(Excerpts from a dataset)
---*---
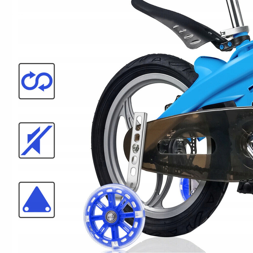 - Обучающие колеса будут светиться во время езды, что сделает вашего ребенка более заметным и безопасным ночью или в темноте. Более того, крутой дизайн с подсветкой заинтересует детей в обучении езде на велосипеде.
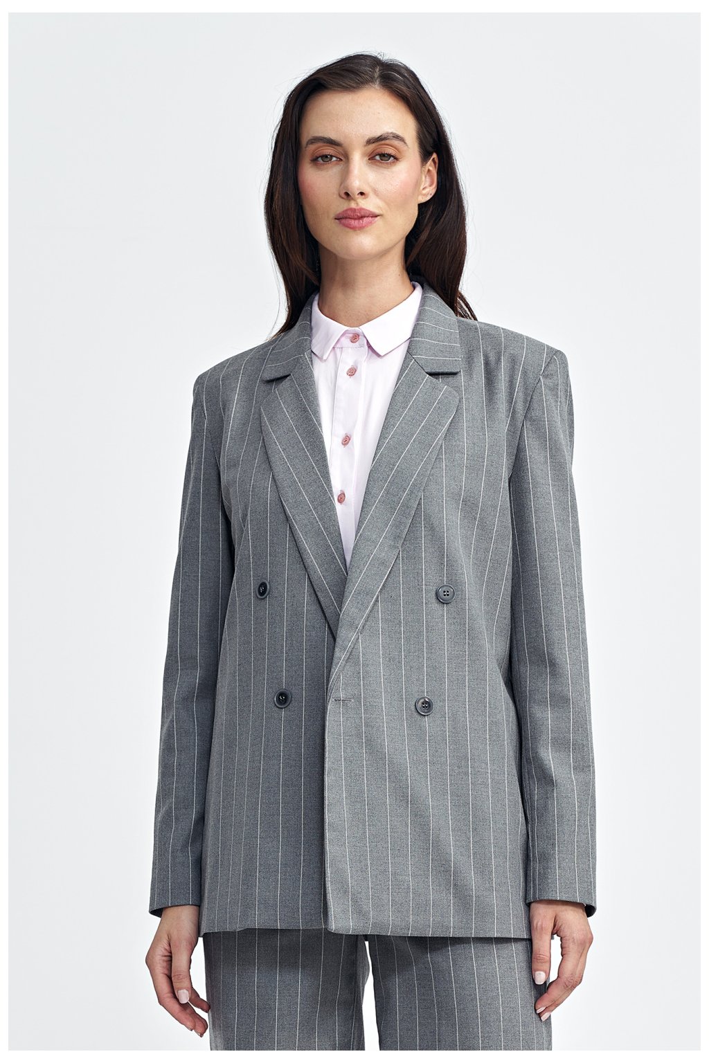 Sako s nadrozměrným střihem vyrobené z materiálu s jemnými kontrastními proužky v tenisovém stylu. Má límec s vykládanými klopy a dlouhé rukávy se spodními knoflíky. Na ramenou jsou polštářky, které dodávají siluetě výraznosti a elegance. Sako má délku nad linii boků, co zdůrazňuje jeho moderní charakter. Dvouřadé zapínání na knoflíky vpředu dodává klasický a nadčasový vzhled. Je vybaveno podšívkou, co zajišťuje pohodlí a estetiku nošení.
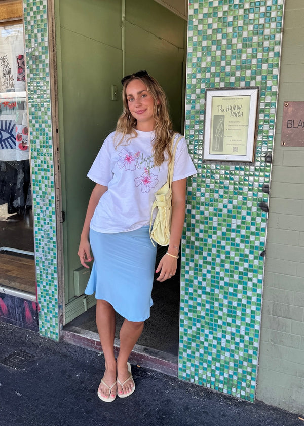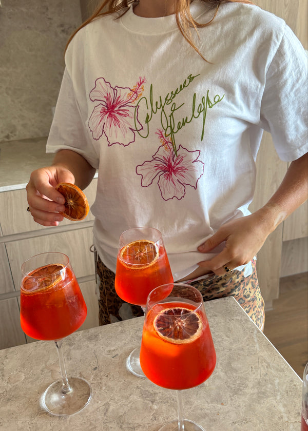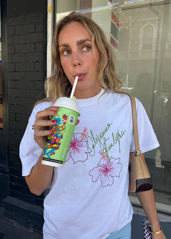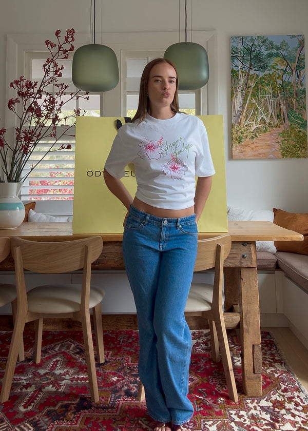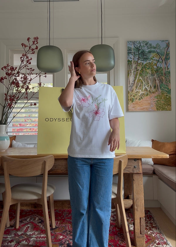 Featuring a Hibiscus illustration drawn by our founder, Cait Erskine, each tee is printed locally in Melbourne/Naarm, bringing a little O&P artistry to your wardrobe.
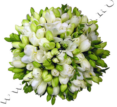 Прекрасный свадебный букет собран из нежных бутонов фрезии и украшен атласной лентой.
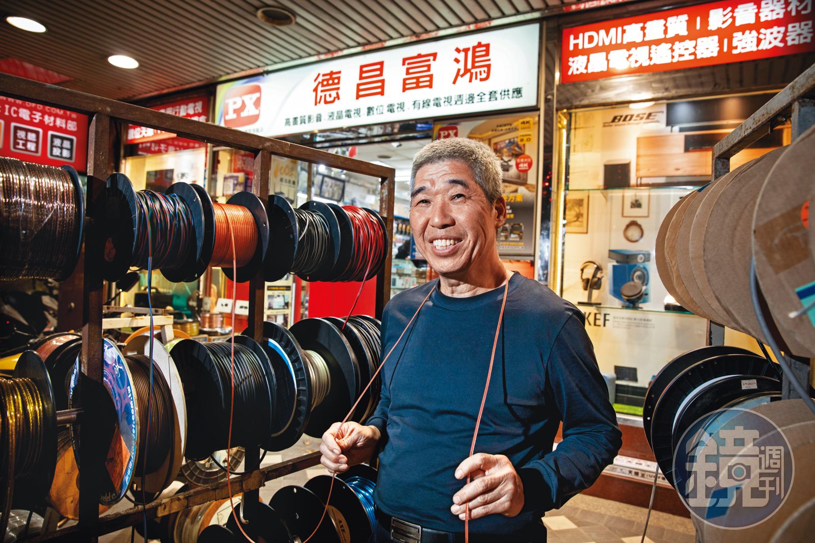 「店長的哥哥、弟弟也在我們家族企業上班,以前我們是德昌、德明、德福、德和,有貿易公司、電子工廠、門市、代理部門,十幾個兄弟分家之後,德昌分給我爸爸。」今年41歲的現任老闆湯國賓解釋,父輩老家在楊梅原來務農、種茶,最早是姑姑與一個阿伯在中華路開店,人手不夠,「把兄弟姊妹像粽子一掛人拉上來,現在中華商場散出去跟電子業相關,姓湯、溫、吳的,多是楊梅來的客家人。」
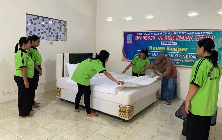 KEDIRI, BIDIKNASIONAL.com – UPT BLK Kediri yang beralamat di Jalan Pare Wates KM 1,5, Desa Gedangsewu Kecamatan Pare Kabupaten Kediri menggandeng LPK Mapan Joyo Sentosa milik PT Sugih Jaya Sentosa melaksanakan Pelatihan Housekeeper yang diikuti 16 peserta dimulai 14 Juli hingga 24 Agustus 2025.
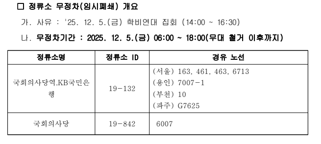 12월 5일 18시 무대 철거 전까지, 국회의사당 정류장은 무정차 합니다.
---*---
What the task requires: The answer must be an exact copy of the records, with no pictures in it.

Output for this task:
 - Обучающие колеса будут светиться во время езды, что сделает вашего ребенка более заметным и безопасным ночью или в темноте. Более того, крутой дизайн с подсветкой заинтересует детей в обучении езде на велосипеде.
 Sako s nadrozměrným střihem vyrobené z materiálu s jemnými kontrastními proužky v tenisovém stylu. Má límec s vykládanými klopy a dlouhé rukávy se spodními knoflíky. Na ramenou jsou polštářky, které dodávají siluetě výraznosti a elegance. Sako má délku nad linii boků, co zdůrazňuje jeho moderní charakter. Dvouřadé zapínání na knoflíky vpředu dodává klasický a nadčasový vzhled. Je vybaveno podšívkou, co zajišťuje pohodlí a estetiku nošení.
 Featuring a Hibiscus illustration drawn by our founder, Cait Erskine, each tee is printed locally in Melbourne/Naarm, bringing a little O&P artistry to your wardrobe.
 Прекрасный свадебный букет собран из нежных бутонов фрезии и украшен атласной лентой.
 「店長的哥哥、弟弟也在我們家族企業上班,以前我們是德昌、德明、德福、德和,有貿易公司、電子工廠、門市、代理部門,十幾個兄弟分家之後,德昌分給我爸爸。」今年41歲的現任老闆湯國賓解釋,父輩老家在楊梅原來務農、種茶,最早是姑姑與一個阿伯在中華路開店,人手不夠,「把兄弟姊妹像粽子一掛人拉上來,現在中華商場散出去跟電子業相關,姓湯、溫、吳的,多是楊梅來的客家人。」
 KEDIRI, BIDIKNASIONAL.com – UPT BLK Kediri yang beralamat di Jalan Pare Wates KM 1,5, Desa Gedangsewu Kecamatan Pare Kabupaten Kediri menggandeng LPK Mapan Joyo Sentosa milik PT Sugih Jaya Sentosa melaksanakan Pelatihan Housekeeper yang diikuti 16 peserta dimulai 14 Juli hingga 24 Agustus 2025.
 12월 5일 18시 무대 철거 전까지, 국회의사당 정류장은 무정차 합니다.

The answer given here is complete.